The intentional systems can’t do this because they don’t consider R as ranging over all predicates, just over the ones named in the system. So if you haven’t already defined a predicate that does the job, you’re out of luck.
(Incidentally my original proposal didn’t allow this. I thought it was complex and unusual. Boy was I wrong. My successors corrected my mistake.)
As a slightly more interesting example, suppose we have a collection of facts about some musicians, say singer(pam) or drummer(rajiv). We want to put together a band, with the constraint that a band must have a singer, a keyboardist, and either a bass or a drummer. Being a band is a second order predicate, a predicate of predicates. We can axiomatic it with
band(B) :- B(X), singer(X), B(Y), keyboard(Y), B(Z), rhythm(Z).
rhythm(Z) :- bass(Z).
rhythm(Z) :- drum(Z)
Then if we present the query band(B) the implementation will start producing lasts of band. And not many, because the bands presented will be minimal.
This feature really comes into its own when combined with negation. Instead of a band, think of a development teams. We could have all sorts of complex criteria, say that Keisha and Andre can’t both be on the team, that we need either a Javascript or PHP expert but nor both, that they have a language in common, and so on. The interpreter will produce a list of minimal teams.
(HOPES is available on github. Ironically, the implementation is written in Haskell.)
How about posting a link to the GitHub repo? Thanks!
Wow, logic programming with variables ranging over relations… count me as *very* impressed. Is your restricted variant of higher-order unification decidable? If so, do you have proof (sketch) that the restrictions you impose are the smallest necessary to recover decidability?
With respect to what you say λ-Prolog does, it doesn’t strike me as being *truly higher-order, since relation names can themselves be considered to form a ground sort (or rather infinitely many ground sorts, one for each arity). It’s for more or less the same reason that I consider Haskell’s type inference a first-order affair, even though type variables can be arbitrarily higher-kinded: in actuality, higher-order type variables don’t range over the entire Fω kind, only a λ-abstraction-free subset of it.
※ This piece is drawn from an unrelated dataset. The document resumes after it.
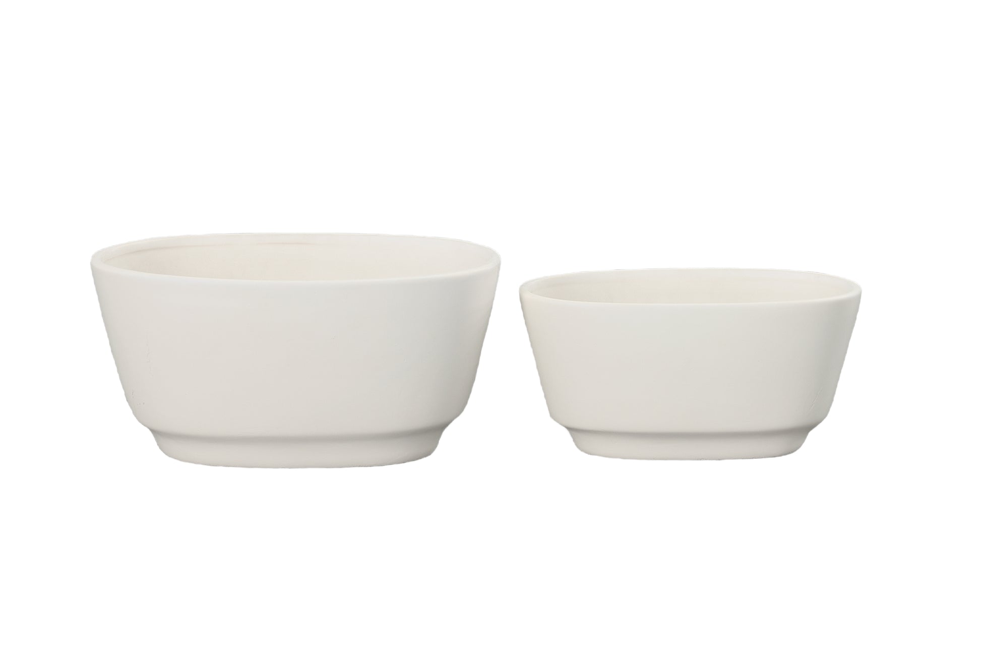 Ceramic Oval Pot with Tapered Bottom Design Set of Two Matte Finish White

Please note that current Prolog systems support higher-order programming by call/N which was first proposed in 1984 by Richard O’Keefe (http://www.complang.tuwien.ac.at/ulrich/iso-prolog/#plstd) join is now defined as: join(P,Q,X,Y) :- call(P,X,Z),call(Q,Z,Y).
Sure Prolog has call and Lisp and Javascript have eval as well – but these are simply and escape-hatch to to allow meta-programming, where you can roll your own higher-order programming paradigms, rather than first-class support of a particular higher-order programming model.